Un plan d’économie de 40 millions d’euros chez GL
Du côté des grands groupes auxquels font référence plus ou moins implicitement les PME de la filière, le message semble passer et des premières mesures sont prises.
Ainsi, le groupe GL, est quasiment à l’arrêt avec 2 240 salariés au chômage partiel. En tant que gestionnaire de parcs d’expositions en Chine, le groupe Lyonnais a ressenti avant tout le monde les effets de la crise liée au Covid-19. A situation exceptionnelle, mesure exceptionnelle : Les actionnaires de GL events devront donc tirer un trait sur les 0,72 euros de dividende qui avaient été annoncés sur l’exercice 2019. Cette mesure radicale permettra au groupe de conserver 30 millions de trésorerie dans ses caisses. Une décision prise le 26 mars par le conseil d’administration de l’entreprise lyonnaise qui répond aux propos de Bruno Le Maire, ministre de l’économie qui avait souhaité que les entreprises mettent un frein important à leurs dividendes ; la CFDT appelant, elle, à la suppression desdits dividendes.
Pour Olivier Ginon, président de GL events, « face à l’ampleur de la crise sanitaire mondiale liée à la propagation du Covid-19, notre priorité est d’assurer la protection de nos collaborateurs et de toutes nos parties prenantes. GL events prend toutes les mesures indispensables sur la base des recommandations des autorités sanitaires et gouvernementales compétentes. Afin de garantir la continuité de l’activité, le Groupe adapte ses modes de travail pour assurer la qualité de ses services de manière totalement sécurisée. »
Face à cette baisse significative d’activité, un plan d’économie drastique de 40 millions d’euros « a été décidé afin de concentrer l’utilisation de la trésorerie sur les besoins stratégiques du Groupe tout en maintenant une organisation adaptée en prévision du redémarrage de l’activité ». Pour le groupe, face à l’ampleur de cette crise, « il est indispensable que des mesures fortes de relance soient mises en œuvre pour permettre le rebond rapide, après la crise, de l’ensemble des acteurs de la filière française ».
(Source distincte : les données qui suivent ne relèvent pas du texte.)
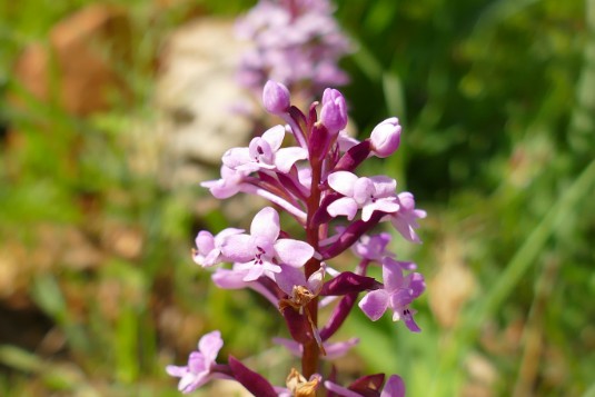 La Orchis brancifortii è una piccola piantina con fusto delicato alta poco più di 20 cm, con foglie verdastre e numerosi fiori rosa.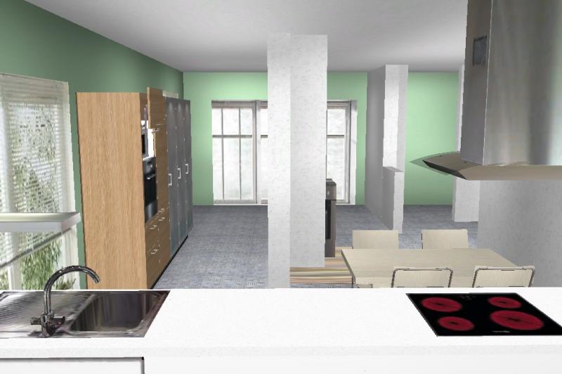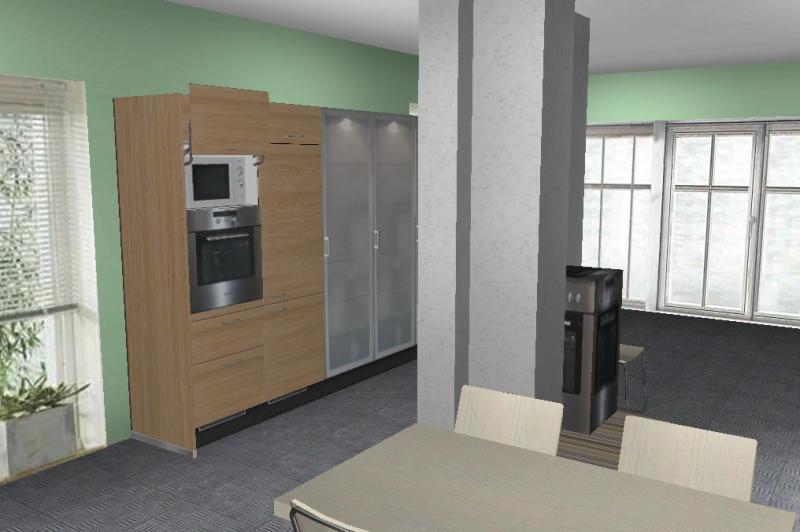Die Hochschränke (Kühl, BO, Vorrat) in eine 58cm tiefe Nische stellen, die mit der Kaminwand gebildet wird. Die Nischenwand könnte nur so hoch wie die Schränke sein, um den offenen Charakter nicht komplett zuzumauern.

L’ensemble de la filière souhaite évidement qu’un tel sursaut soit accompagné autant que possible par les pouvoirs publics, français et européens. En revanche, au fil des témoignages recueillis il est évident que c’est bien l’ensemble des acteurs qui devront prendre leurs responsabilités pour que la machine reparte. A ce jeu là les grands groupes seront les premiers attendus, et leur sens des responsabilités pèsera lourd dans la préservation du tissu économique lié aux événements. Nous espérons vivement que cette prise de conscience ait lieu, et qu’au-delà de la préservation de l’existant, elle permette d’envisager la suite sur des bases lucidement solidaires. La meilleure arme pour faire face dans les années à venir aux nouvelles crises qui ne manqueront pas d’arriver, qu’elles soient sanitaires, économiques, climatiques, ou autres…
Cet article a été rédigé suite à un appel à témoignages lancé par la Gazette des Salons le 26 mars 2020. Seuls les professionnels du secteur s’étant manifestés à cette occasion ont pu être pris en compte.